Desde hace tiempo el microondas de mi casa casi siempre el temporizador analógico anda al revés, empieza a sumar minutos.
¿Que tipo de motor llevan? ¿por que puede pasar? ¿dureza o condensador?

Gracias


----------



## DOSMETROS (Oct 31, 2018)

Puede ser a cuerda, o que tenga un motorcito sincrónico , prueba a desmontarlo y limpiarlo con algún solvente cómo nafta , suele ser el lugar preferido de las cucarachitas . . .


----------



## Fogonazo (Oct 31, 2018)

DOSMETROS dijo:


> Puede ser a cuerda, o que tenga un motorcito sincrónico , prueba a desmontarlo y limpiarlo con algún solvente cómo nafta , suele ser el _*lugar preferido de las cucarachitas*_ . . .



¡ Queroso !


----------



## pandacba (Oct 31, 2018)

No se les ocurra limpiar  con nafta el motor de una amoladora o similar(motor universal) al ponerla en marcha...


----------



## Jeronimo17 (Nov 1, 2018)

¿Estáis hablando en serio?



DOSMETROS dijo:


> Puede ser a cuerda, o que tenga un motorcito sincrónico , prueba a desmontarlo y limpiarlo con algún solvente cómo nafta , suele ser el lugar preferido de las cucarachitas . . .



De cuerda no es, lleva un pequeño motor (motor de espiras de sombra?) y pregunto que por que anda al revés y suma los minutos a una velocidad correcta, se que el motor del plato si es normal que ande para un lado u otro y el motor de un exprimidor no estoy seguro de si arranca en ambas direcciones o es cambio mecánico, pero este seguro que debe ir siempre en la dirección de restar.


----------



## DOSMETROS (Nov 1, 2018)

Esos motores llevan un pequeño mecanismo , digamos un engranaje con diente de sierra y un trinquete , si arranca para el lado correcto entonces sigue , si arranca al revés , rebota contra el trinquete e invierte el giro.

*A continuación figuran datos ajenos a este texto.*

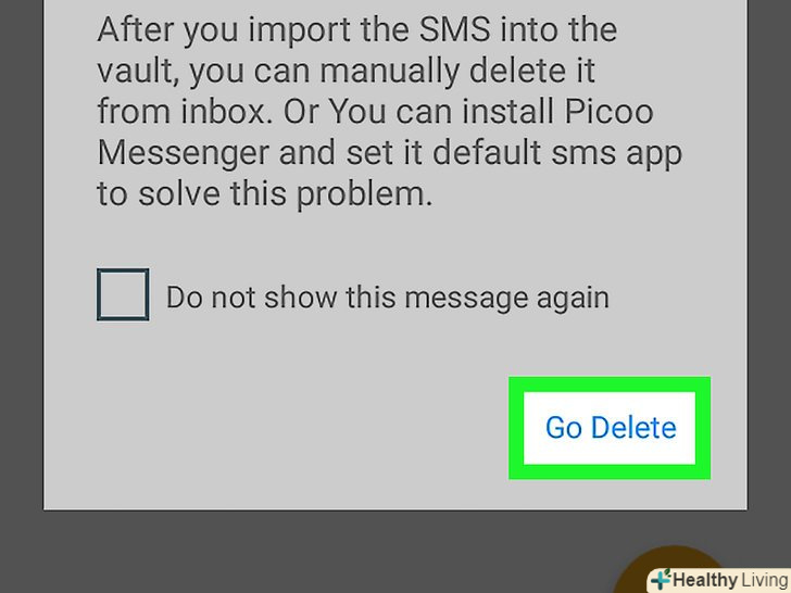НатиснітьGo Delete (Видалити) у вікні.у вікні буде сказано, що Vault не видаляє приховані повідомлення з програми для їх обміну, тому Ви повинні зробити це вручну. Запуститься додаток для обміну SMS-повідомленнями.- Якщо таке вікно не відкрилося, просто запустіть програму для обміну SMS-повідомленнями.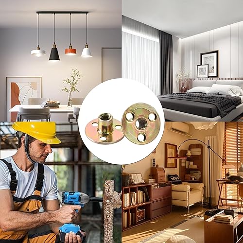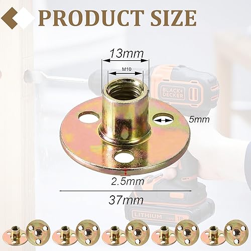 10 Pezzi Foro Tee Dado, M10*37 * 2.5, M10 Ferro Zincato T Dado, Dadi a T 3 Fori, Dadi Flangiati, Base Rotonda a Vite T-Nut per Mobili

Evidentemente se trabó o rompió ese mecanismo.


----------



## Jeronimo17 (Nov 1, 2018)

Fallará eso entoces, aun no lo he desmontado  quería saber que podría ser


----------



## pandacba (Nov 1, 2018)

Se le denomina mecanisco de trinquete, o crique, tal como en las biciletas por ejemplo, solo que este caso se actúa como antiretroceso, con el tiempo la leva se gasta y el motor arrannca para ambos lados, el borde se redondea, con una lima deberas dejarlo con ángulo de nuevo y listo


----------